▸ **ABOUT THIS EXERCISE**: Copy the listing exactly as given. Omit every picture.

[PROVIDED DATA Boundary: Start]

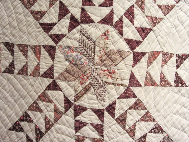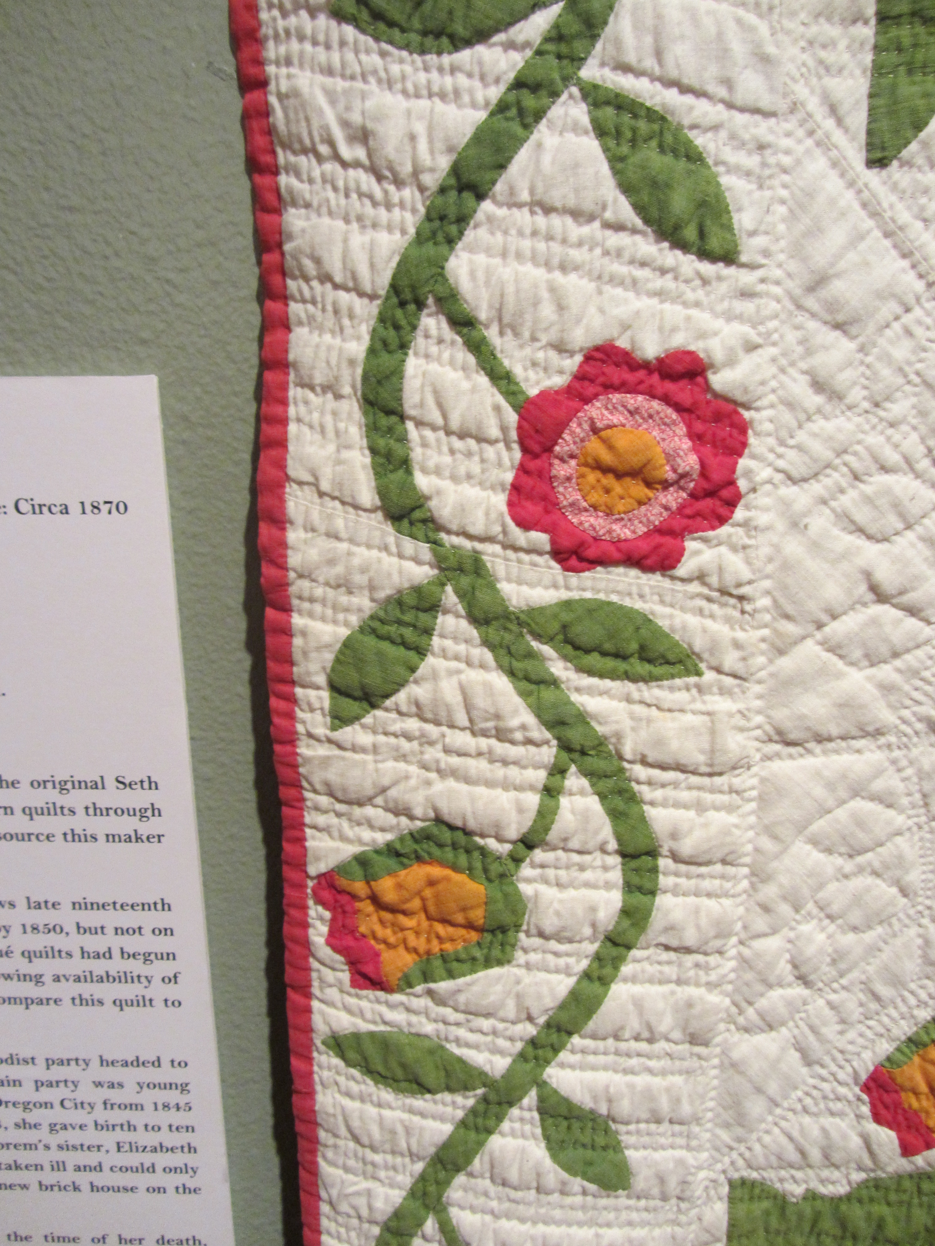 at the Willamette Heritage Center to walk through the nice show of heritage quilts curated by quilt historian Mary Bywater Cross…up until December 24th, one in a series of shows focusing on valley women.  Most of the quilts were completed AFTER the Oregon trail years, though several were thought to have been pieced on wagon trains in the 1850’s.  All the makers were pioneers or women important in the State’s history.  It’s a small show, but the karma is strong…especially for those of us who’ve sat piecing or quilting, with a quilt on our laps.
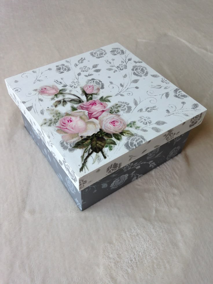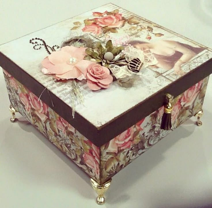 Картонная коробка, оформленная в технике декупаж, является не только емкостью для хранения различных предметов, но и отличным декоративным элементом
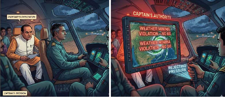 Sometimes, when weather conditions are marginal, the dignitary does not quite understand or refuses to accept the compulsions of the aircrew. A general belief is that since the aircraft has been chartered, we have full right over its utilization. The intangible factor that is often overlooked is the pressure imposed by the dignitary.
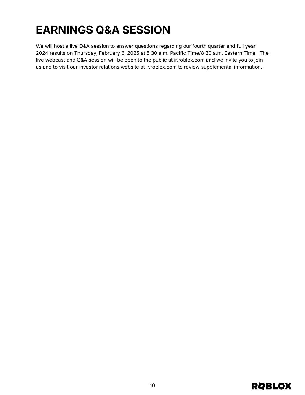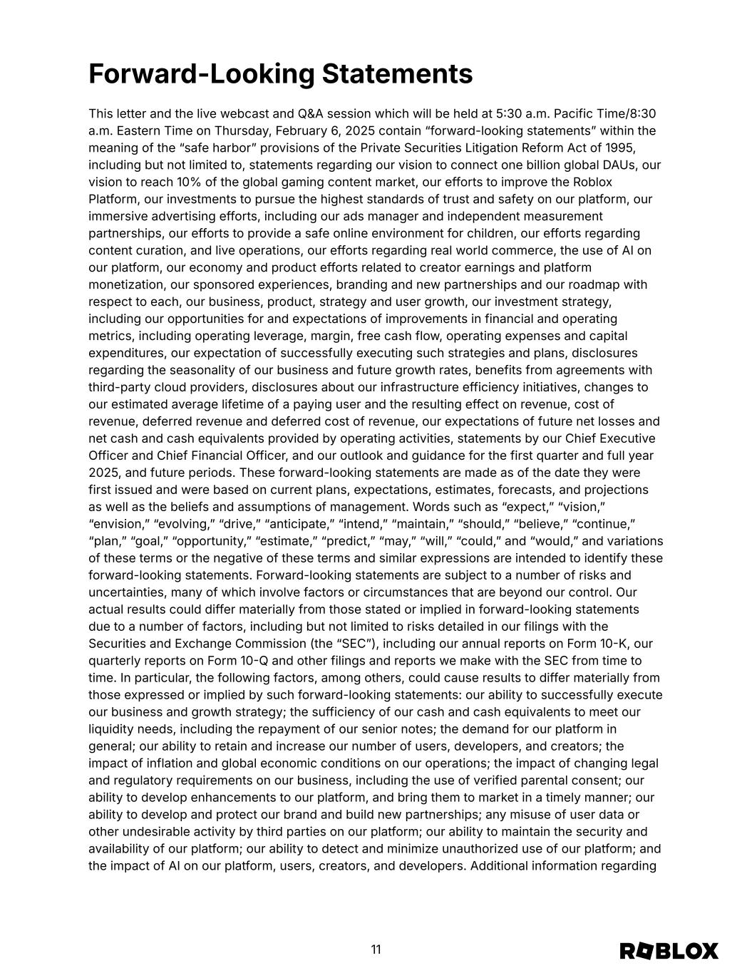 EARNINGS Q&A SESSION We will host a live Q&A session to answer questions regarding our fourth quarter and full year 2024 results on Thursday, February 6, 2025 at 530 a.m. Pacific Time/830 a.m. Eastern Time. The live webcast and Q&A session will be open to the public at ir.roblox.com and we invite you to join us and to visit our investor relations website at ir.roblox.com to review supplemental information. 10

[PROVIDED DATA Boundary: End]

▸ **OUTPUT OF THE TASK**:
 at the Willamette Heritage Center to walk through the nice show of heritage quilts curated by quilt historian Mary Bywater Cross…up until December 24th, one in a series of shows focusing on valley women.  Most of the quilts were completed AFTER the Oregon trail years, though several were thought to have been pieced on wagon trains in the 1850’s.  All the makers were pioneers or women important in the State’s history.  It’s a small show, but the karma is strong…especially for those of us who’ve sat piecing or quilting, with a quilt on our laps.
 Картонная коробка, оформленная в технике декупаж, является не только емкостью для хранения различных предметов, но и отличным декоративным элементом
 Sometimes, when weather conditions are marginal, the dignitary does not quite understand or refuses to accept the compulsions of the aircrew. A general belief is that since the aircraft has been chartered, we have full right over its utilization. The intangible factor that is often overlooked is the pressure imposed by the dignitary.
 EARNINGS Q&A SESSION We will host a live Q&A session to answer questions regarding our fourth quarter and full year 2024 results on Thursday, February 6, 2025 at 530 a.m. Pacific Time/830 a.m. Eastern Time. The live webcast and Q&A session will be open to the public at ir.roblox.com and we invite you to join us and to visit our investor relations website at ir.roblox.com to review supplemental information. 10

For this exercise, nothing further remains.